To understand the CF trends, the researchers extracted data on the key CF indicators from the survey reports. Four independent researchers conducted data extraction in pairs, resolving any discrepancies through group discussion until consensus was reached.

To explore the influencing factors of CF, the study analyzed the most recent MICS data from 2016. The survey methodology involved a two-stage stratified sampling procedure, selecting census enumeration areas as primary sampling units (PSUs) and households within each PSU. The inclusion criteria for mother-child pairs in the analysis included mothers aged 15-49 years, the youngest singleton child aged 6-23 months, children alive at the time of the survey, and children living with their mothers.

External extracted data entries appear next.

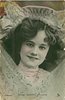 MISS GERTIE MILLAR head & shoulder study, facing front looking front, much lace and cloth hat
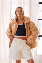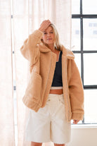 Elevate your fall wardrobe with the Teddy Sherpa Jacket, a cozy and versatile layering piece designed for effortless style. Crafted for warmth and comfort, this trendy jacket seamlessly blends softness with sophistication, making it the perfect staple to complement your seasonal ensembles. Easily layered over your favorite outfits, it provides both casual charm and refined appeal throughout the cooler months.
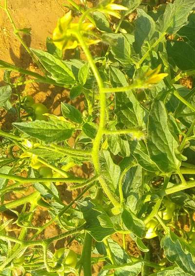 Hi Sri . As per your sent image and explanation - your Tomato crop showing symptoms of Aphids and Nitrogen Deficiency . Click on green links for checking symptoms and taking control measures from Plantix library. Also need to apply good amount of well decomposed Farm Yard manure or Vermicompost along with recommended dosage of fertilizers of your area or you can also use fertilizer calculater available here on home page of Plantix to get good growth and productivity. Apart, you can also use or create a "Cultivation Tips" for Tomato crop in Plantix. It provides you information on how to optimize your crop production.
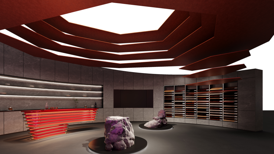 唯美展厅的设计围绕设计与探索展开,“X”代表未知和更多可能性,空间以层层递进的多彩空间展现想象力的无限延伸。空间内的石材装置呼应着品牌岩板产品的材质渊源,两处截然不同的空间体验创造出更多可能性,邀约来访者共赴一场美好的创意盛宴。

The study analyzed four CF indicators defined by the World Health Organization (WHO): INTRO, MMF, MDD, and MAD. The indicators were defined based on specific criteria outlined by the WHO. The study selected influencing factors at the individual, household, and community levels, considering variables such as child, maternal, and paternal characteristics, household structures and socioeconomic status, and access to healthcare within the community.

Data analysis was performed using STATA/SE 15.1, and prevalence of CF indicators was extracted from the national survey reports. Multivariable models were applied to determine the associations between influencing factors and CF indicators among children aged 6-23 months.

In summary, the study utilized nationally representative survey data to analyze CF trends and influencing factors in Côte d’Ivoire. The methodology involved data extraction, analysis of survey data, and multivariable modeling to identify significant risk factors associated with CF indicators.